Assigned task: Images are to be excluded, and the rest of the data repeated exactly.

Dataset excerpt:
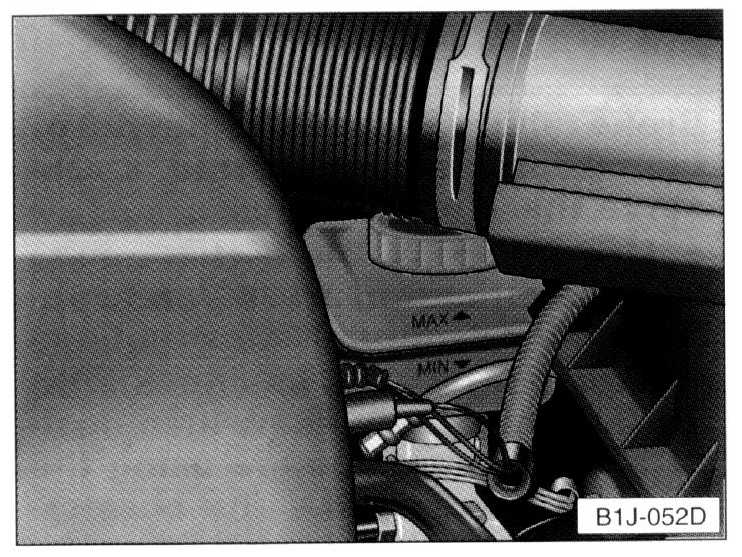 The correct fluid level is important for the proper functioning of the brake system. The fluid level in the brake fluid reservoir should always be between the "MAX" and "MIN" markings.
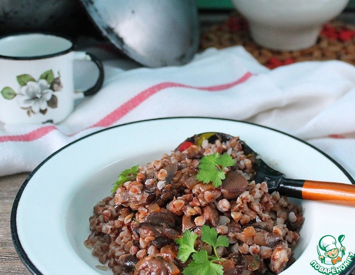 Гречка с грибами уже вкусно! А гречка с грибами в чугунке (или в горшочках) еще вкуснее! Отлично будет как в качестве основного блюда, так и в качестве гарнира! Подходит для поста!
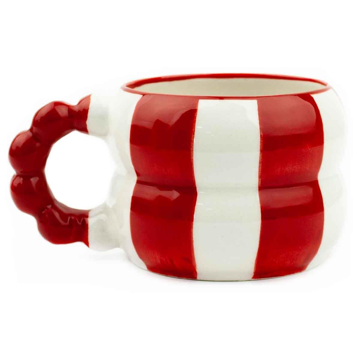 Kırmızı Çizgili El Boyama Kabartma Desen Krem Parlak Harmoni Kupa - El İşçiliği Hediyelik Kupa (KUHAR021)
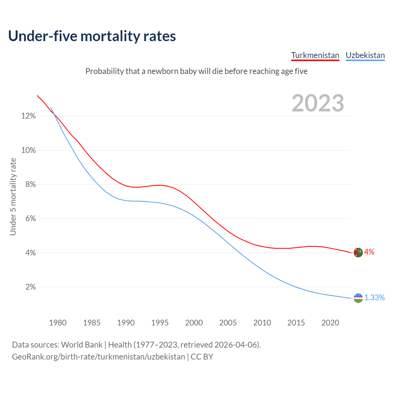 The chance that a newborn baby will die before reaching age five is 4% in Turkmenistan and 1.33% in Uzbekistan. Above is a chart with historical data on under-five mortality rates.

Answer area:
 The correct fluid level is important for the proper functioning of the brake system. The fluid level in the brake fluid reservoir should always be between the "MAX" and "MIN" markings.
 Гречка с грибами уже вкусно! А гречка с грибами в чугунке (или в горшочках) еще вкуснее! Отлично будет как в качестве основного блюда, так и в качестве гарнира! Подходит для поста!
 Kırmızı Çizgili El Boyama Kabartma Desen Krem Parlak Harmoni Kupa - El İşçiliği Hediyelik Kupa (KUHAR021)
 The chance that a newborn baby will die before reaching age five is 4% in Turkmenistan and 1.33% in Uzbekistan. Above is a chart with historical data on under-five mortality rates.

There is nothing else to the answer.